In the United Kingdom, value-added taxes (VAT) are levied on practically all products and services. If you exceed the limitations, they may also apply to products you bring into the UK from overseas. If you import or purchase things online from outside the UK for a total of less than £135, you must pay VAT at the point of sale, according to new laws implemented in January 2021. Although certain goods and services are entitled to lower UK business tax rates, the basic commercial tax rate in the UK is 20%. Certain commodities, such as long-term medical supplies, are also eligible for VAT exemption.
4. Capital Taxes
They were first established in 1965, and they generated wealth by increasing capital value, but they were exempt from the development of capital gain tax. The tax levied when assets are sold for a profit is known as capital gains tax. When you dispose of an asset and sell or transfer it after a few years, for example (HMRC, 2010).
5. Taxes for short-term business visitors (STBV)
Anyone who works in the UK for less than a year in total and spends fewer than 183 days in the nation during the relevant tax year is considered a short-term business visitor for tax purposes. Even though the employer is based overseas, such persons are liable for UK tax on their income if the responsibilities were performed in the UK. In such circumstances, double-taxation treaties may be used to offset any taxes owed.
6. Tax Reliefs for Specific Groups
There are no particular income tax reliefs for handicapped persons in the United Kingdom. They may, however, be able to reduce their tax expenses by claiming reliefs for equipment services and facilities, travel from home to work, automobile and fuel supplies, and medical treatments. The Employment Income Manual published by HMRC has further information.

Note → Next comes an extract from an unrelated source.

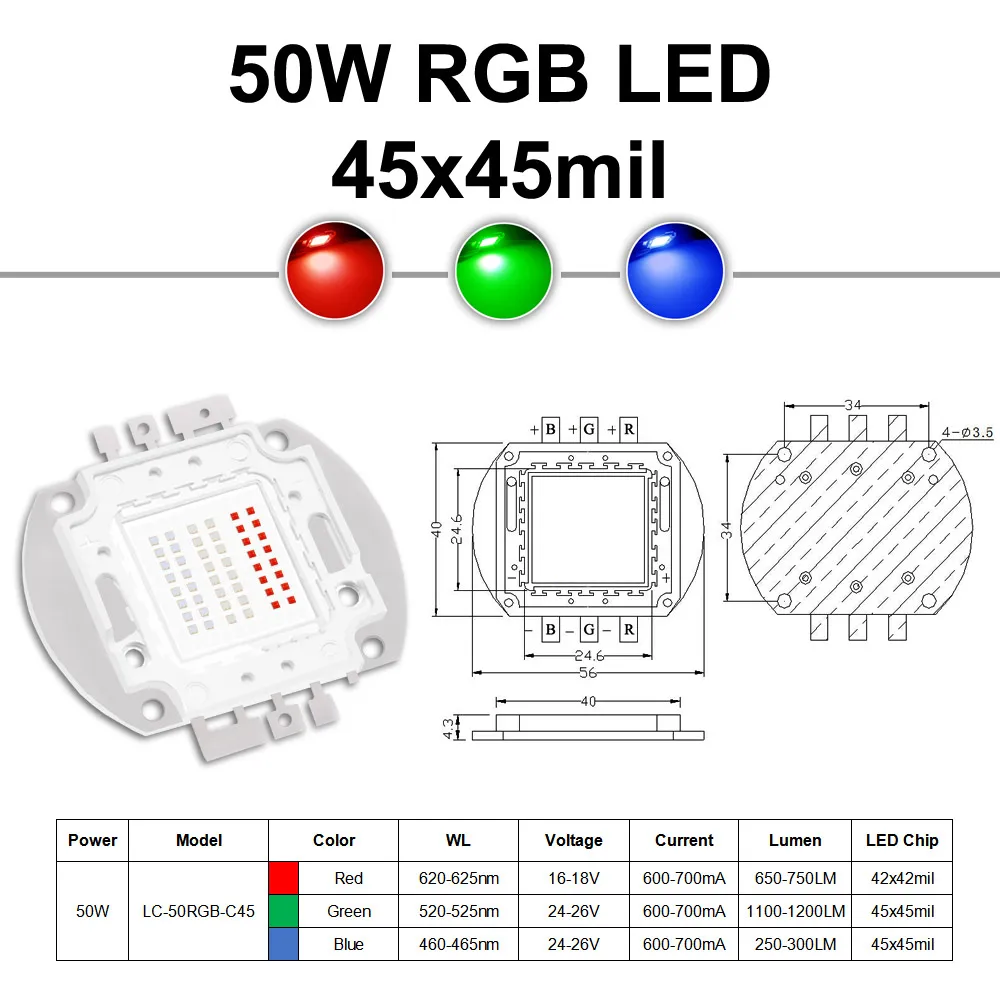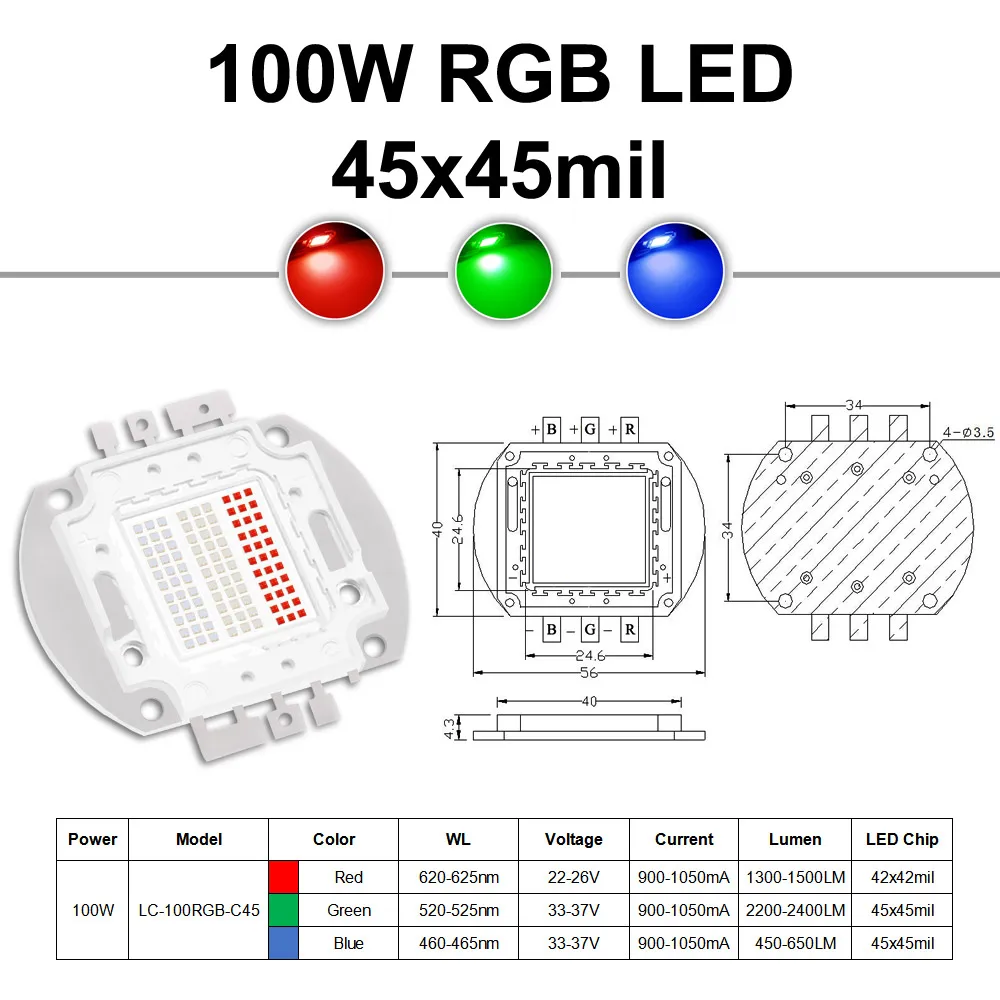 Светодиодный чип RGB высокой мощности, 100 Вт, красный, зеленый и с...
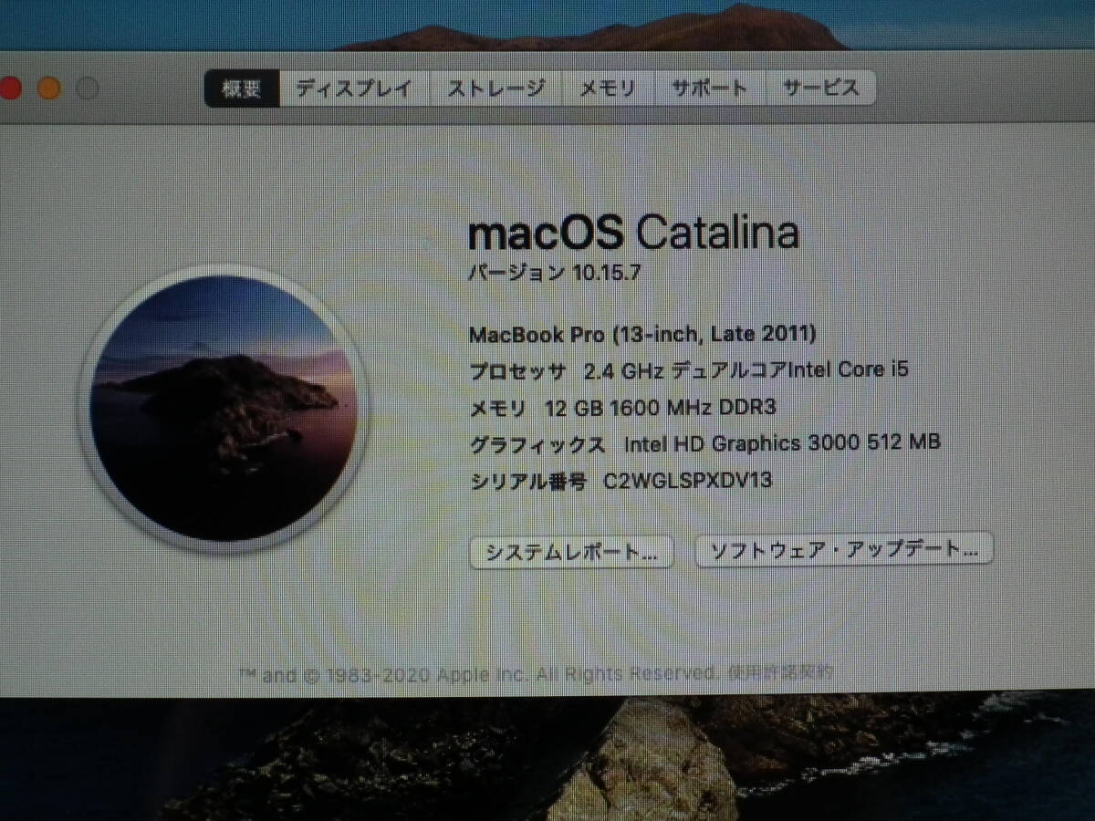 Apple MacBook Pro 13inch mid 2011 Core i5 SSD:(360GB) メモリー:12GB 中古の出品です。

Unless you’re self-employed and pay Class 4 payments, if you’re a senior citizen, you won’t have to pay National Insurance after you reach State Pension age. When you attain State Pension age, you stop paying Class 4 payments at the conclusion of the tax year. You will be subject to UK income tax if your total state and private pensions exceed the personal allowance.
7. Trading Allowance
Self-employed enterprises can get a tax break of up to £1,000 in the shape of a trade allowance. If your yearly gross income is expected to be below the threshold, you do not need to notify HMRC unless you are unable to utilise the allowance or must register for Self Assessment. If your gross trade income reaches the £1,000 level, you must register.
8. UK is a tax haven
What’s more, why isn’t my money in one? “Tax havens are generally small island republics with very limited choices for raising revenue, and being a tax haven is one of them,” Russell explains. “They are available for everyone to utilize if they so want. It’s a free market, and all they’re doing is providing a service. The United Kingdom is a tax haven in and of itself, and we benefit much from it. The majority of people are unaware of this.”
9. The National Insurance
National Insurance is a type of social security in the United Kingdom, and the amount you pay is determined by your salary during the 2020/2021 tax year. Individuals and corporations are both affected. If your annual profits are between £6,365 and £8,631.99, you’ll be in Class 2. Contributions are a £3.00 weekly contribution that is collected as part of the self-assessment procedure.
If you are a low-income earner, you may be eligible for exemptions. If your profits are between £8,632 and £49,999, you will fall within Class 4’s Lower Profits Limit (LPL). The amount owed is based on the information you provided during self-assessment and is equal to 9% of your profit. If you earn more than £50,000, you’ll be subject to the Upper Gains Limit (UPL), which means your profits will be taxed at a rate of 2%.